According to the Office for National Statistics, there were 5,940 people claiming Jobseeker's Allowance or Universal Credit last month – another significant rise on the revised figures for October of 5,855.

It is the second month the county has seen a sizeable rise, with 120 more claims made back in November compared to the previous month and means that two per cent of the population is recorded as unemployed.

South Lakeland saw the biggest hike, with 45 more claims made, although the total of 370 represents just 0.6 per cent of the district’s population.

Carlisle again was hit hard, with 30 more claims made compared to the previous month, representing 1.9 per cent of the population.

A total of 1,235 are now unemployed in the district, which has seen a 100 increase in claims in the past two months.

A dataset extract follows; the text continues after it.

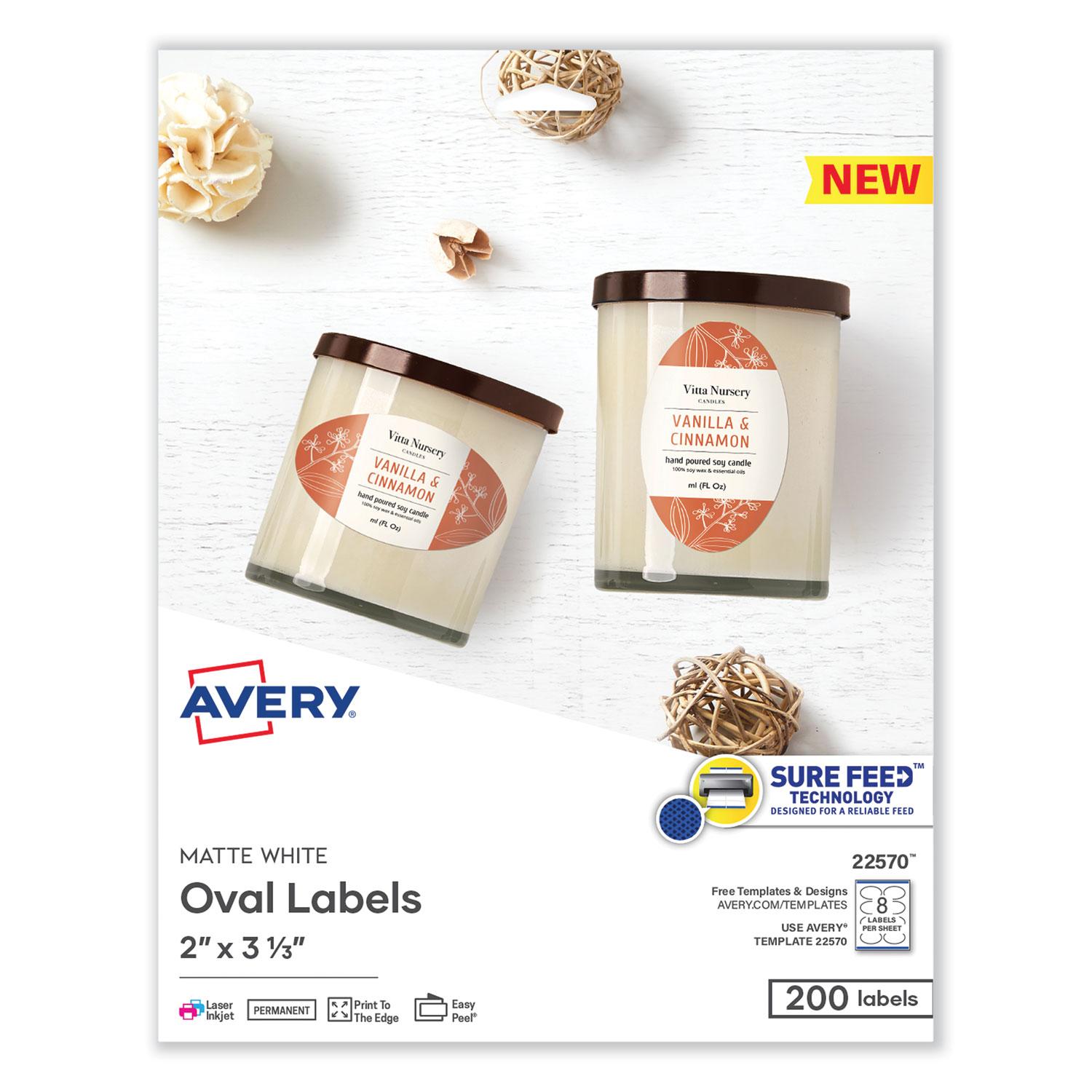 Make sure your handmade gifts and products stand out with Avery labels that offers the professional finishing touch you need. The print-to-the-edge capability allows you to create bright, eye-catching full-bleed labels with sharp text and crisp images printed right to the edge of the stickers with no border or margin. Sure Feed technology helps deliver a more reliable feed through your printer to prevent print misalignments and paper jams. These round printable stickers are quick and easy to apply with the patented Easy Peel label sheets with Pop-up Edge. Simply fold the sheet back to display the label edges for convenient and fast peeling that saves time and avoids label waste. Compatible with both laser and inkjet printers to provide crisp and vivid prints. Avery Design & Print makes it easy to create customized labels from your own home or business. The free browser-based software has everything you need to design gift labels, soap labels, thank you stickers, round stickers for kids, party favor labels, and more. Try it out today. Shape: Oval; Label Size - text: 2 x 3.33; Label Color(s): White; Color Family: White.

Allerdale also saw an increase of 15, taking the total to 1,720 (three per cent) while Eden saw a rise of just five, taking the total to 325 (one per cent).

The figures for Copeland remained the same at 1,325 (3.2 per cent) while Barrow saw a drop of 10, with a total of 965 (2.3 per cent).

The continued rise is partly down to the shift to Universal Credit, which meant that some people would be recorded in the figures despite being in some form of work.

The controversial Universal Credit system has now been rolled out across all of Cumbria’s Jobcentre Plus offices.

However, while some are now fully on Universal Credit, others are still claiming “legacy” benefits, which include Jobseekers Allowance along with working tax and child tax credits.

Unemployment in the North West stands at four per cent, with just over 75 per cent of the population in some form of work, according to the ONS.

Nationally, there were an estimated 1.37 million unemployed people recorded between September and November and an estimated 32.53m people in work for the same period, representing an estimated 75.8 per cent of the population – the highest since comparable estimates began in 1971.

The ONS’ head of labour market David Freeman said: “The share of the workforce looking for work and unable to find it remains at its lowest for over 40 years, helped by a record number of job vacancies.

“Wage growth continues to outpace inflation, which fell back slightly in the latest month.”

In response, Jon Boys, labour market economist at the CIPD, said while the UK labour market remained “robust” the figures for September to November were “halcyon days” when Government guidance was that a no deal Brexit was unlikely.

He added: “The figures can be seen as good news for employees as the tight labour market is feeding into real pay growth.

"With inflation forecast to be lower than previously expected pay growth is likely to continue into 2019.

“In the absence of productivity growth to fund it, paying staff more is a strategy that can’t be used indefinitely.

"Businesses should consider retention and training of their current workforce to raise productivity and fill skills gaps.”